* Assigned task: When you copy from the entries that follow, take only the lines from the one with "词云图是一种直观展示文本数据" down to the one with "ワンプッシュでストローが飛び出すので、手軽に水分補給ができます。 330mlから600mlのペットボトルに対応できます。 |", keeping both ends and dropping every picture.

* Data:
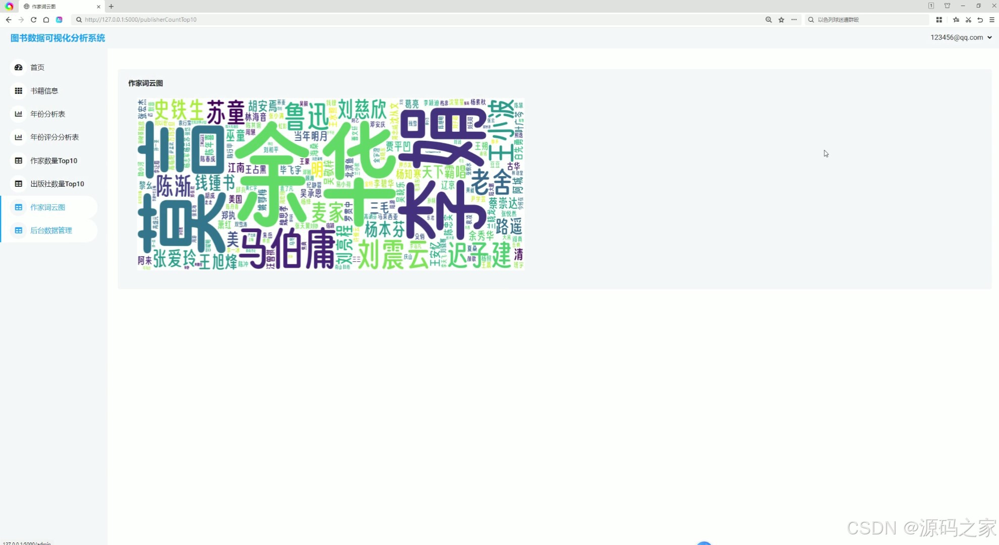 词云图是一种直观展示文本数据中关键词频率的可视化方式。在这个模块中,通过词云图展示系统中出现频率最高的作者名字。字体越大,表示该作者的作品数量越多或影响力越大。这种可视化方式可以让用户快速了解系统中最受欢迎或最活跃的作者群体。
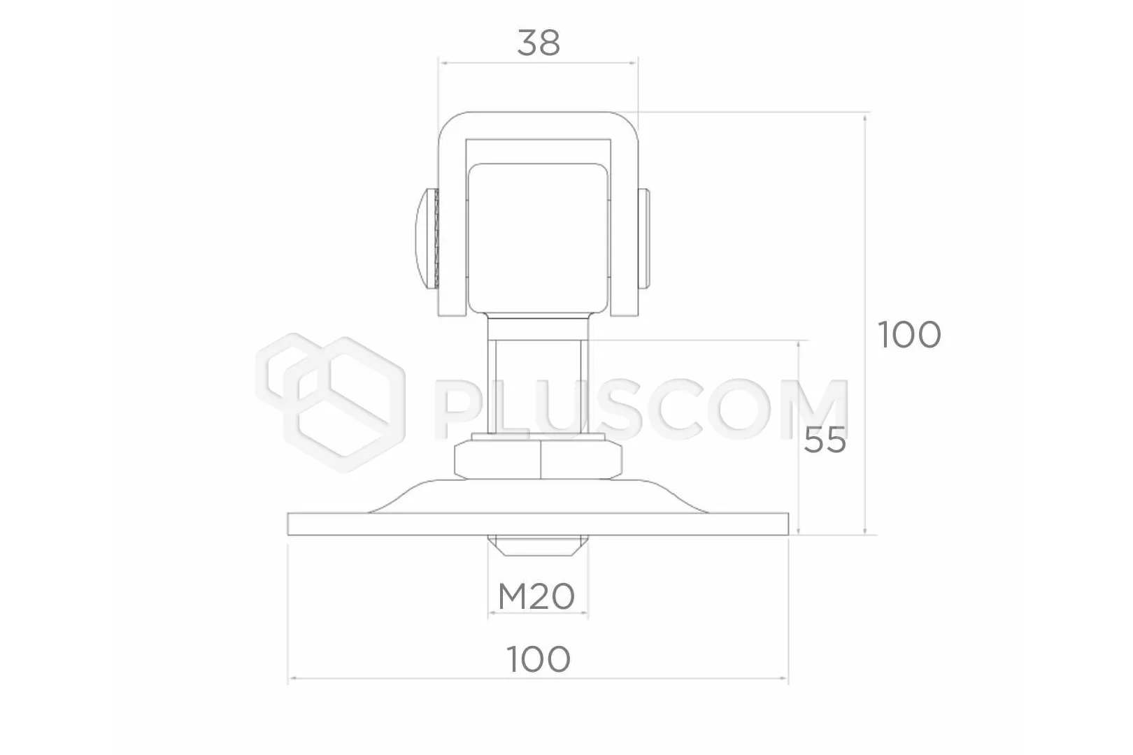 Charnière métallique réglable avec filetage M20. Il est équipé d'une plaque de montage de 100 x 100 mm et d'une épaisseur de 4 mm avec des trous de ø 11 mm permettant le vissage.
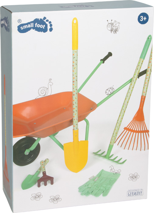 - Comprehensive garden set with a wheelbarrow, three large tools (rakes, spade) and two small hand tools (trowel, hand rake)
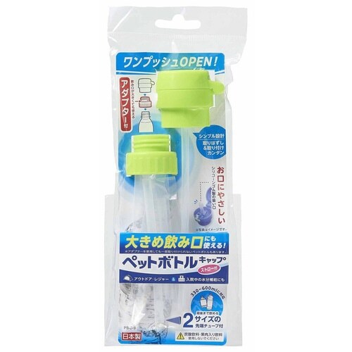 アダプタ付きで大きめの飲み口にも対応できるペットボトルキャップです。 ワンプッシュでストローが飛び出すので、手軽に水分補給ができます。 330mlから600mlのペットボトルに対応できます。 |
--
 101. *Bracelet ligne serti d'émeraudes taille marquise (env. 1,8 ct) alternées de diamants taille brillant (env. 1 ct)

* Response for this exercise:
 词云图是一种直观展示文本数据中关键词频率的可视化方式。在这个模块中,通过词云图展示系统中出现频率最高的作者名字。字体越大,表示该作者的作品数量越多或影响力越大。这种可视化方式可以让用户快速了解系统中最受欢迎或最活跃的作者群体。
 Charnière métallique réglable avec filetage M20. Il est équipé d'une plaque de montage de 100 x 100 mm et d'une épaisseur de 4 mm avec des trous de ø 11 mm permettant le vissage.
 - Comprehensive garden set with a wheelbarrow, three large tools (rakes, spade) and two small hand tools (trowel, hand rake)
 アダプタ付きで大きめの飲み口にも対応できるペットボトルキャップです。 ワンプッシュでストローが飛び出すので、手軽に水分補給ができます。 330mlから600mlのペットボトルに対応できます。 |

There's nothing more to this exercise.